Alcohol should be avoided in patients receiving Rivotril.
See Overdose for warning of other central nervous system depressants, including alcohol.
In combination therapy with centrally-acting medications, the dosage of each drug must be adjusted to achieve the optimum effect.
Pregnancy and Lactation
Pregnancy Labor & Drlivery: From preclinical studies it cannot be excluded that clonazepam possesses the possibility of producing congenital malformations. From epidemiological evaluations there is evidence that anticonvulsant drugs act as teratogens. However, it is difficult to determine from published epidemiological reports which drug or combination of drugs is responsible for defects in the newborn. The possibility also exists that other factors e.g. genetic factors or the epileptic condition itself may be more important than drug therapy in leading to birth defects. Under these circumstances, the drug should only be administered to pregnant women if the potential benefits outweigh the risk to the fetus.During pregnancy, Rivotril may be administered only if there is a compelling indication. Administration of high doses in the last trimester of pregnancy or during labour can cause irregularities in the heartbeat of the unborn child and hypothermia, hypotonia, mild respiratory depression and poor feeding in the neonate. Infants born to mothers who took benzodiazepines chronically during the later stages of pregnancy may have developed physical dependence and may be at some risk for developing withdrawal symptoms in the post-natal period. It should be borne in mind that both pregnancy itself and abrupt discontinuation of the medication can cause exacerbation of epilepsy.

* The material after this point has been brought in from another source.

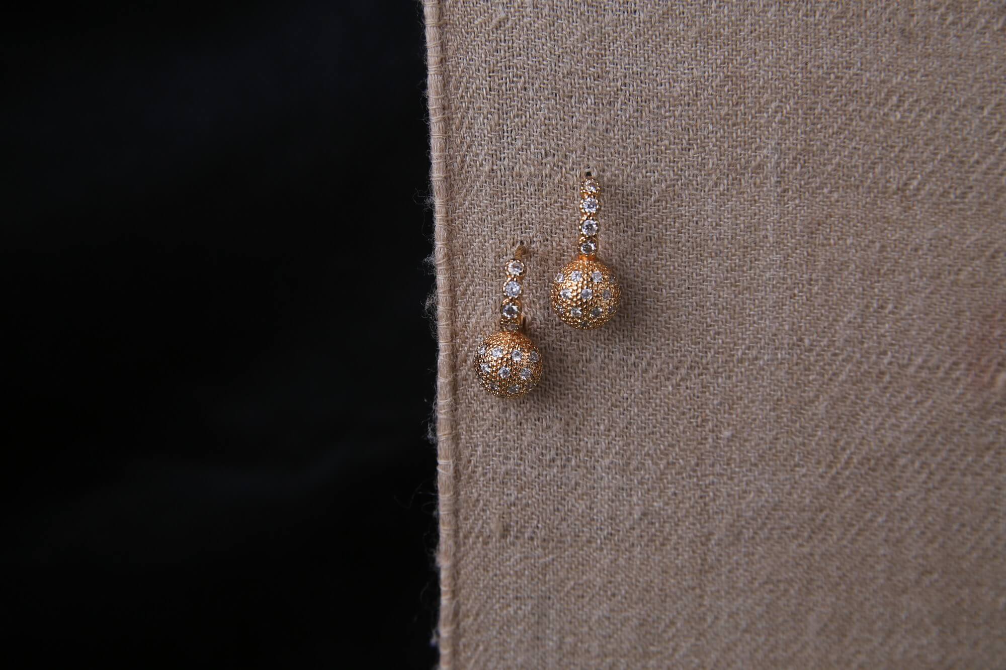 Add a touch of luxury to your jewelry collection with these stunning gold pavé hoop earrings. Designed with a classic hoop silhouette, these earrings feature dazzling pavé-set stones along the curve, leading to a round charm encrusted with shimmering crystals. The intricate detailing and refined craftsmanship make these earrings a statement piece, perfect for both everyday elegance and special occasions. Their timeless appeal ensures they complement a wide range of styles, from sophisticated evening wear to chic casual outfits. A must-have for those who appreciate exquisite and eye-catching jewelry.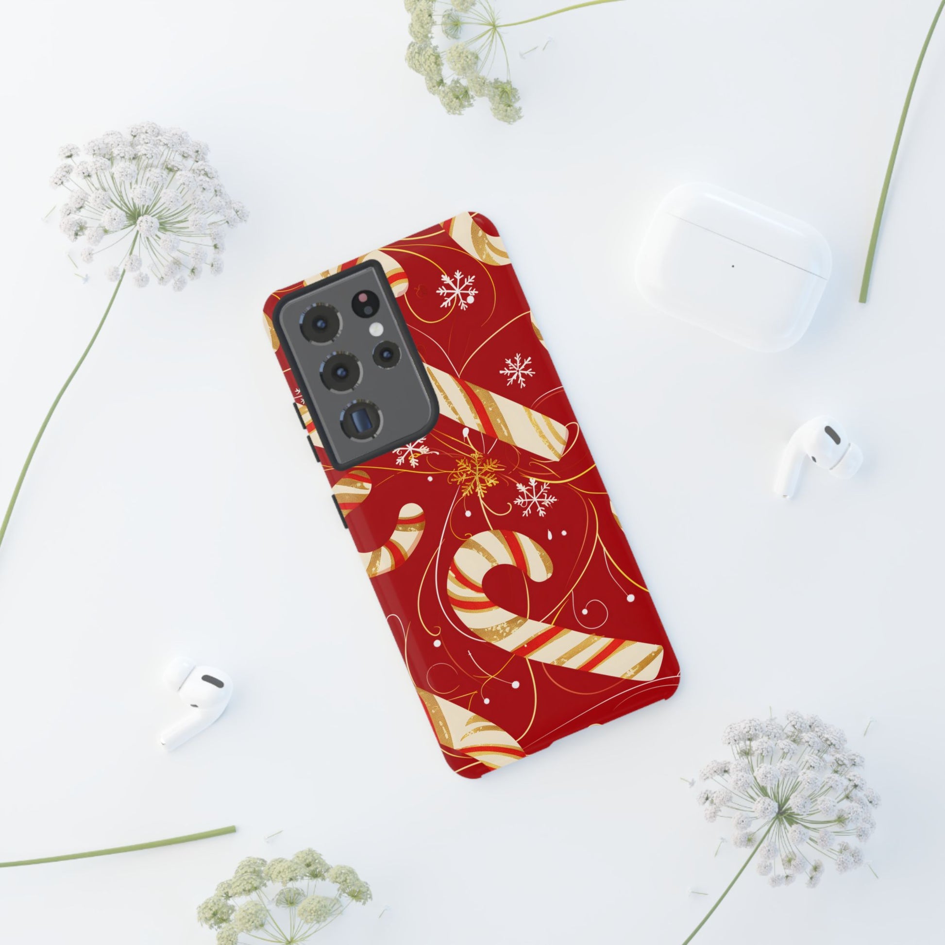 Bold, festive, and beautifully refined — Golden Candy Cane Luxe wraps your Samsung Galaxy in rich holiday color and shimmering gold accents. Classic candy canes, swirling details, and crisp snowflakes sit atop deep Christmas red, creating a timeless yet luxurious seasonal look.

Nursing Mothers: Although the active ingredient of Rivotril has been found to pass into the maternal milk in small amounts only, mothers undergoing treatment with this drug should not breastfeed. If there is a compelling indication for Rivotril, breastfeeding should be discontinued.

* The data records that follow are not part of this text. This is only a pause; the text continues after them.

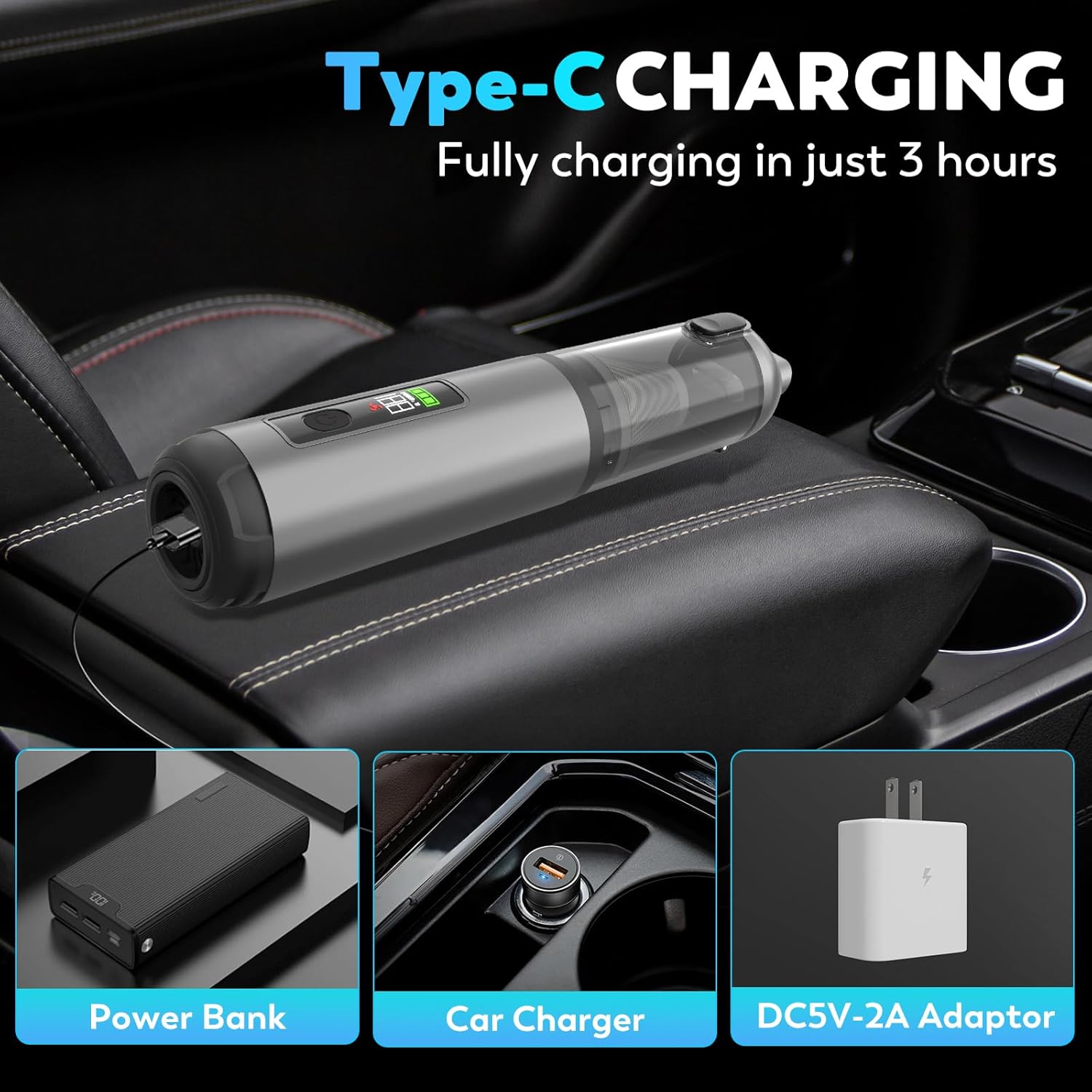 - ăType-C ChargingăHandheld vacuum cordless supports and includes a Type-C charging cable (adapter not included), enabling charging at any USB portâwhether in your car or at home. Fully charges in as little as 3 hours and delivers up to 35 minutes of continuous operation (varies by mode)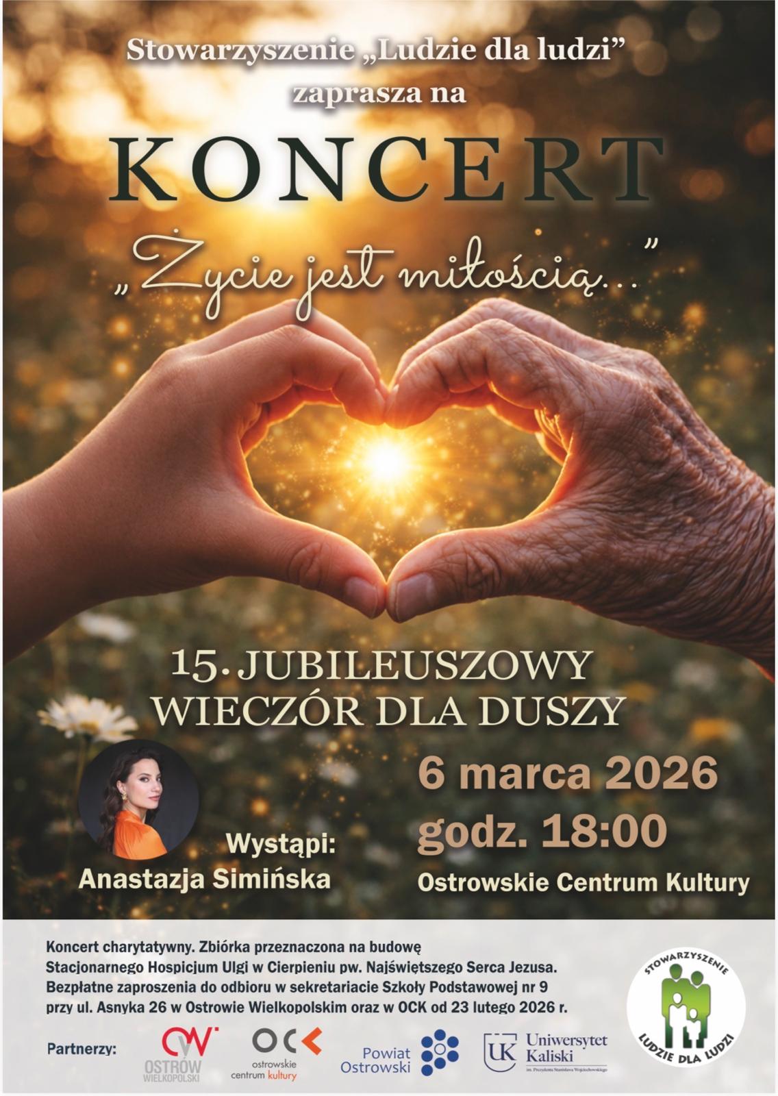 „Życie jest miłością” to tytuł tegorocznego, jubileuszowego „Wieczoru dla duszy”, który będzie miał miejsce w Ostrowskim Centrum Kultury. Koncert organizowany przez Stowarzyszenie „Ludzie dla ludzi” odbędzie się w piątek, 6-go marca o godzinie 18:00.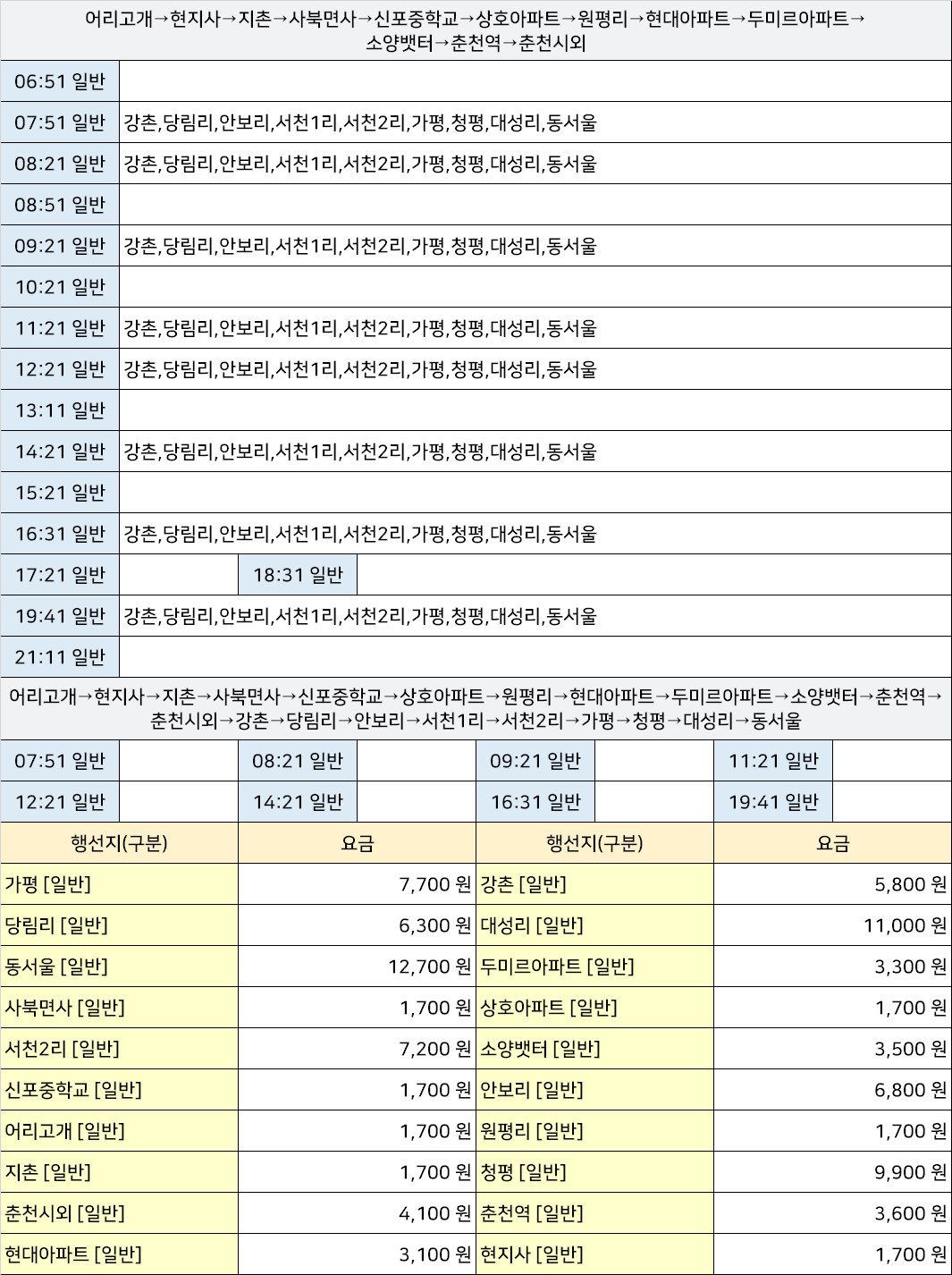 서오지리시외고속버스터미널 서오지리정류장 서오지리정류소 → "어리고개→현지사→지촌→사북면사→신포중학교→상호아파트→원평리→현대아파트→두미르아파트→소양뱃터→춘천역→춘천시외→강촌→당림리→안보리→서천1리→서천2리→가평→청평→대성리→동서울".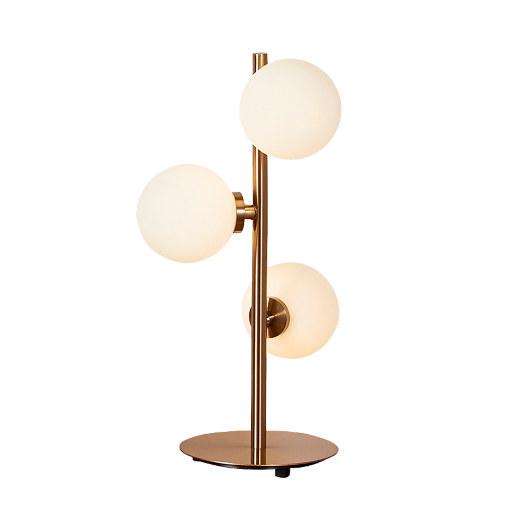 La "Lámpara Riflesso" aporta un toque de sofisticación a cualquier espacio con su diseño moderno y minimalista. Su base metálica en acabado dorado sostiene tres esferas de vidrio blanco opaco que emiten una luz cálida y acogedora. Perfecta para iluminar de manera suave y elegante, esta lámpara se adapta tanto a ambientes de oficina como a salas de estar, ofreciendo una atmósfera relajante.

Pediatric Use: In infants and small children Rivotril may cause increased production of saliva and bronchial secretion. Therefore special attention must be paid to maintaining patency of the airways.

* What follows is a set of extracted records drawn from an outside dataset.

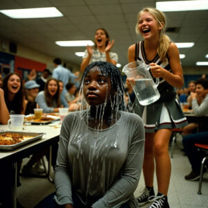 The ice water didn’t just feel cold; it felt heavy, like a physical weight pinning me to the plastic cafeteria chair while the world turned into a blurred gallery of laughing faces and flashing phone screens. I sat there shivering, my cheap thrift-store cotton sweater completely soaked through to my skin.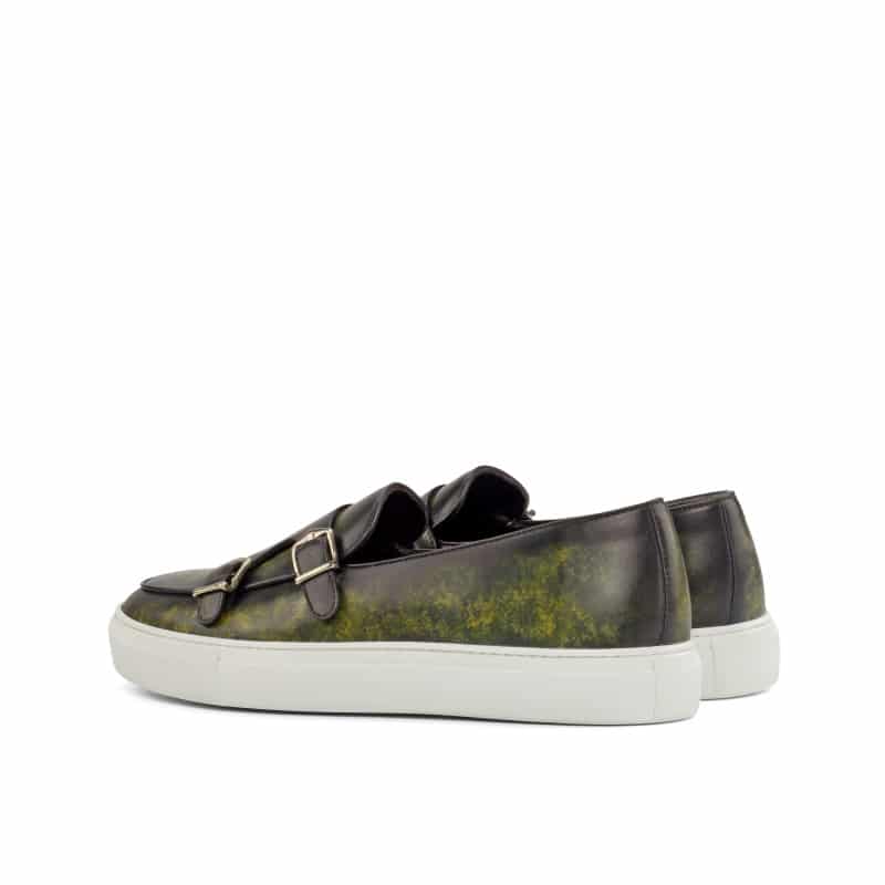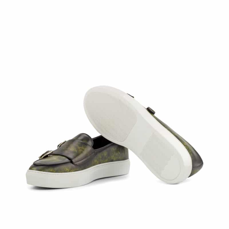 Starting from the base, we have used a gorgeous Khaki – Marbled Hand Patina Leather, giving the sneaker a unique and luxurious look. The buckles are made with nickel, adding a touch of sophistication to the overall design.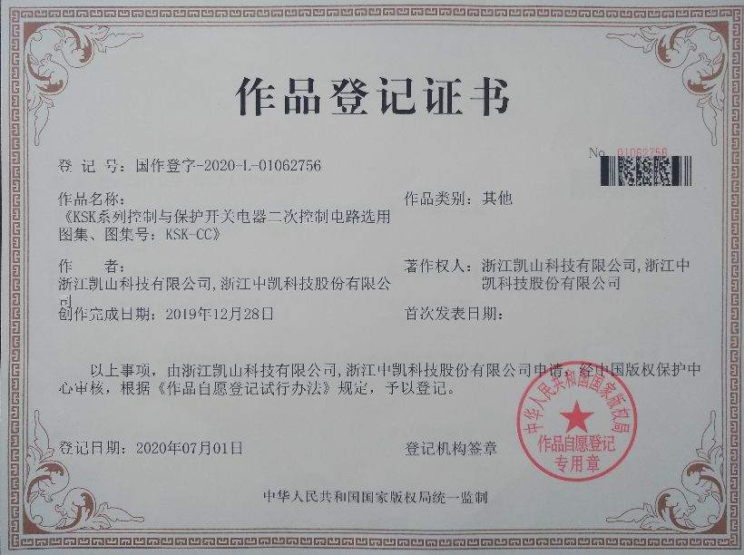 近日,國家版權局頒發作品登記證書,由浙江中凱科技股份有限公司全資子公司浙江凱山科技有限公司為著作權人的兩本在工程設計及應用中的標準設計圖集獲得作品登記。兩本圖集分別為《XLCPS系列控制與保護開關電器二次控制電路選用圖集》(圖集號XLCPS-CC)、《KSK系列控制與保護開關電器二次控制電路選用圖集》(圖集號KSK-CC)。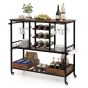 ELDWICKOR Bar Cart with 3 Tiers and Glass Racks-Rustic Brown

Symptoms: Benzodiazepines commonly cause drowsiness, ataxia, dysarthria and nystagmus. Overdose of Rivotril is seldom life-threatening if the drug is taken alone, but may lead to areflexia, apnea, hypotension, cardiorespiratory depression and coma. Coma, if it occurs, usually lasts a few hours but it may be more protracted and cyclical, particularly in elderly patients. Benzodiazepine respiratory depressant effects are more serious in patients with respiratory disease. Benzodiazepines increase the effects of other central nervous system depressants, including alcohol.
Treatment: Monitor the patient’s vital signs and institute supportive measures as indicated by the patient’s clinical state. In particular, patients may require symptomatic treatment for cardiorespiratory effects or central nervous system effects. Further absorption should be prevented using an appropriate method e.g. treatment within 1-2 hours with activated charcoal. If activated charcoal is used airway protection is imperative for drowsy patients. In case of mixed ingestion gastric lavage may be considered, however not as a routine measure. If CNS depression is severe consider the use of flumazenil (Anexate), a benzodiazepine antagonist. This should only be administered under closely monitored conditions. It has a short half-life (about an hour), therefore patients administered flumazenil will require monitoring after its effects have worn off. Flumazenil is to be used with extreme caution in the presence of drugs that reduce seizure threshold (e.g. tricyclic antidepressants). Refer to the prescribing information for flumazenil (Anexate), for further information on the correct use of this drug.
The benzodiazepine antagonist Anexate: (active ingredient: flumazenil) is not indicated in patients with epilepsy who have been treated with benzodiazepines. Antagonism of the benzodiazepine effect in such patients may provoke seizures.